Early Indication of Turning Two

I usually work on this blog across the span of a week, slowly and meticulously building it into the Pulitzer prize worthy blog that you have come to enjoy almost every week (unless I am away on a speaking engagement). This week we are going to do things a little differently. I am going to pound out a blog in the span of a half hour, ignoring standard conventions such as proper punctuation and spelling (unless my trusty assistant—otherwise known as spell check—catches my error). There could be two reasons I am doing this. The first could be because I want to be more spontaneous, creating a blog with an edge; what my former colleague used to call gonzo journalism. The other, and the more likely reason, is that I didn’t get to it this week, and here it is Sunday, my unofficial deadline, and I have nothing. That reason would also explain this long, pointless introduction.

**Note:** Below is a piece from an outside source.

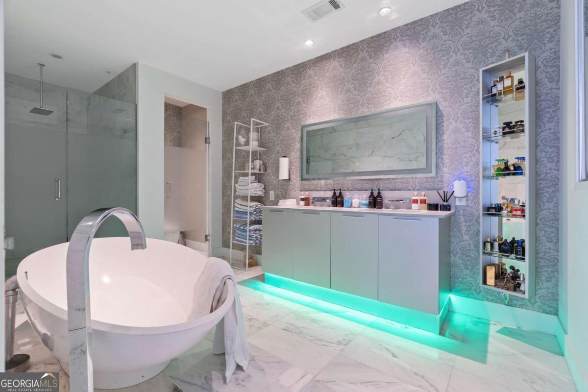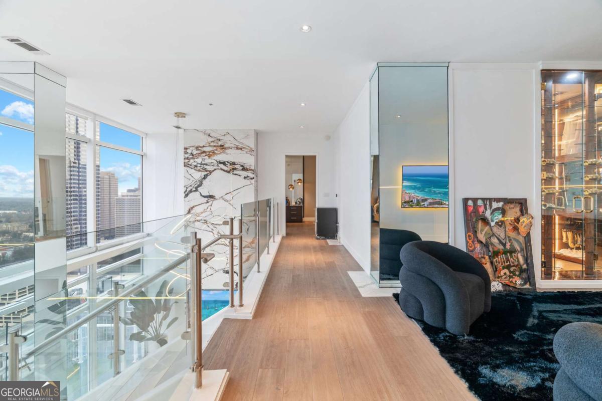 Introducing an exceptional two-story penthouse residence crowning the iconic W Residences, comprehensively reimagined through a 2023-2024 capital improvement program exceeding $700,000. This ultra-rare and highly coveted penthouse is ideally suited for the discreet and discerning buyer-a global jetsetter, elite athlete, entertainer, or executive seeking a private sanctuary in the heart of Atlanta's most dynamic district. Perfectly positioned above the city skyline, this penthouse offers seamless access to State Farm Arena, Mercedes-Benz Stadium, Downtown Atlanta, and major transportation routes-placing the very best of the city just moments away while maintaining privacy and exclusivity. From an investment perspective, the residence is exceptionally well-timed, positioned ahead of globally significant demand catalysts, including the 2026 FIFA World Cup and Super Bowl 2028. These events are expected to materially enhance Atlanta's international visibility, luxury rental demand, and long-term asset appreciation-particularly for irreplaceable, top-of-stack inventory. Residents benefit from full access to W Hotel services and infrastructure, including: Full-service luxury hotel operations Residential helipad access 24-hour state-of-the-art fitness center In-residence dining and room service White-glove concierge and security services Private, climate-controlled storage unit Largest and most commanding views in the building Qualified inquiries only. Showings conducted strictly by private appointment with verified proof of funds. DESIGN & CAPITAL IMPROVEMENTS: 20-foot floor-to-ceiling PORCELANOSA marble feature wall, imported from Spain, anchoring the main living space Custom-engineered, NetZero "Waterplace" architectural installation in the living room Smart frosted glass office enclosure with one-touch opacity control (visible to opaque) Custom luxury mirror-clad architectural pillars throughout Fully upgraded smart home infrastructure, including remote-controlled blinds, zoned climate control, and integrated systems Four (4) commercial-grade HVAC systems for multi-level climate precision, each paired with Nest controls Boutique-style integrated smart lighting package throughout Frameless glass spa showers with architectural sightline transparency into bedrooms Expanded upper-level loft featuring custom wine bar and display installation Fully remodeled and expanded chef's kitchen with Gaggenau appliances, full-size wine refrigeration, and upgraded gas range Custom marble staircase with floating glass edge detailing German ALNO cabinetry and countertops Duravit and Dornbracht fixtures and premium bath accents Whole-home automation including power shades and automatic blinds spanning 20-foot glass walls Sonos system with Bowers & Wilkins reference-grade audio New custom paint finishes throughout Upgraded chrome bathroom shelving and wall-mounted storage systems New premium flooring throughout the residence Carrara marble dual vanities Marble and limestone spa-concept bathrooms and soaking tubs Custom ELFA closet systems Fully wired ADT security and alarm system Floor-to-ceiling custom millwork, fluted wood detailing, and integrated smart lighting in the dining room Curated five-star fixtures and hardware throughout

This week Zoe has not been sleeping well. Actually it’s been more like two weeks. It began with an illness that brought her into our bed. It also has something to do with our bedtime routine that we have vowed to change, starting last night. Normally we bring her into our bed, give her some milk, read her a stack of books, and then let her fall asleep in our bed. Once she is asleep, anywhere from ten to thirty minutes later, I will carry her asleep into her room. Lately she will either wake up the moment she touches her mattress, climb to her feet and commence crying. Or she may wait an hour or two before waking up. Either way, our nights are filled with Zoe. Last night was the wake on contact version, so instead of letting her cry for an hour (as we did the previous night) or pulling her into our bed to get her back to sleep (two nights previous) we sat in her room and spent about an hour calming her down and getting her lay down. When we left she cried for about ten or fifteen minutes, but then slept until six-thirty. Obviously we can’t sit with her for an hour every night, but her bedtime routine will now take place in her room. Obviously I will keep you informed as to our progress (as long as you check back here frequently).

Zoe has developed another habit, which we think she learned from her friend Tallulah. She has started stating that objects are ‘Mine’. This is normal in children her age, and someone explained that is actually a good thing. This statement of possession is paired with her other favorite word, ‘No’. She is not too empathetic yet. For example, she may state that something is ‘mine’ but if we ask her if we can have it she will hand it over. And as for ‘no’, she will often use it before she has even absorbed the question. For example, if we ask her if she wants a cookie, she will first say no, then realize what we asked her and say yes. This only means that I ask her what she wants as a matter of protocol. Ultimately she gets what I give her.